Cement concrete lining: It is considered as high quality type of lining. Its initial cost is large. Steeper slopes exert extra earth pressure rendering the lining as uneconomical. The lining is cured for 3-5 days. The surface is kept continuously wet during this period.

Shotcrete lining: In this type of lining cement mortar (a mixture of cement: sand in the ratio of 1:4) is applied under pressure through a nozzle on the surface of canal. Size of sand is limited to 5 mm and thickness of lining is 35 mm.

Brick or concrete tile lining: This type of lining is very popular in our country. A single or double layer of tiles is laid over a layer of brick masonary or tiles laid in mortar. The top layer of tiles is laid in 1: 3 cement mortar over 12 mm to 15 mm thick layer of plaster in 1 : 3 cement plaster. The second layer is over it in 1:3 cement mortar. The size of brick especially made is kept as 300 x 150 x 50 mm.

Asphaltic concrete lining: It is a cheap lining and consists of mixture of asphalt and graded stone aggregate placed at a temperature of 200°C. It is covered with a 300 mm layer of earth material for protection. It is not in common use.

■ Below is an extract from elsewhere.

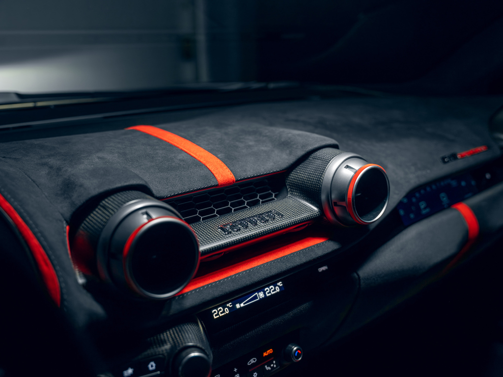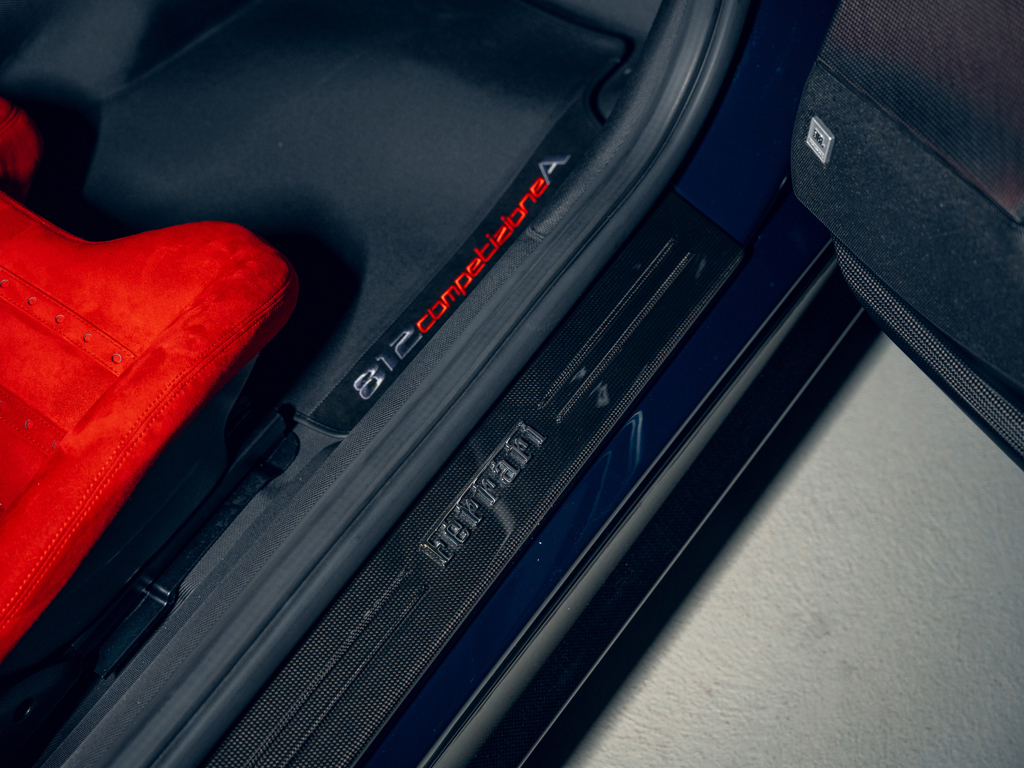 This 2024 Ferrari 812 Competizione A, with only 106 kilometers and a single owner, is practically brand new. Its unique features like the engine cover signed by Charles Leclerc and Carlos Sainz enhance its collectibility and value.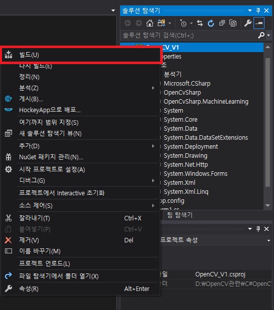 관련 정보를 한번 보시고 난뒤에 C#에서 OpenCV를 사용하기 위한 첫단계를 진행해보곘습니다

Boulder lining: It is also called dry stone lining or stone pitching. The thickness and size of lining depend on the canal capacity. For example if the capacity is less than 50 m3/s, recommended thickness is 150 mm, average diameter along longest axis = 150 mm and minimum diameter = 75 mm. Whereas for Q = 100 m3/s and above, recommended thickness is 300 mm, average diameter along longest axis = 300 mm and minimum diameter = 150 mm. Precast concrete slabs 900 x 300 x 60 mm are also used for lining of canal. Joints are sealed with asphalt to prevent seepage.

Compacted earth lining: Suitable soil available in the area is compacted at optimum moisture content and is used for lining. Its thickness is kept as 300-900 mm.

Soil-cement lining: Mixture of soil having high percentage of fines and 2 to 8% of Portland cement is compacted and used for lining. There are other materials also which are used for lining. These materials are clay puddle, sodium carbonate, stone block, pre-fabricated light weight membrane, bentonite and clay membrane and road oil.

Unlined Canals: Such canals are aligned and excavated either in alluvial soils or non alluvial soils. An alluvial soil is one which is formed by the continuous silt deposition. The area of alluvial soil is comparatively even and has flat slope. Rocky plain area formed due to disintegration of mountaineous region is called as non-alluvial area. Canals through such an area are called as non-alluvial canals. Larger portion of Maharashtra state is non-alluvial.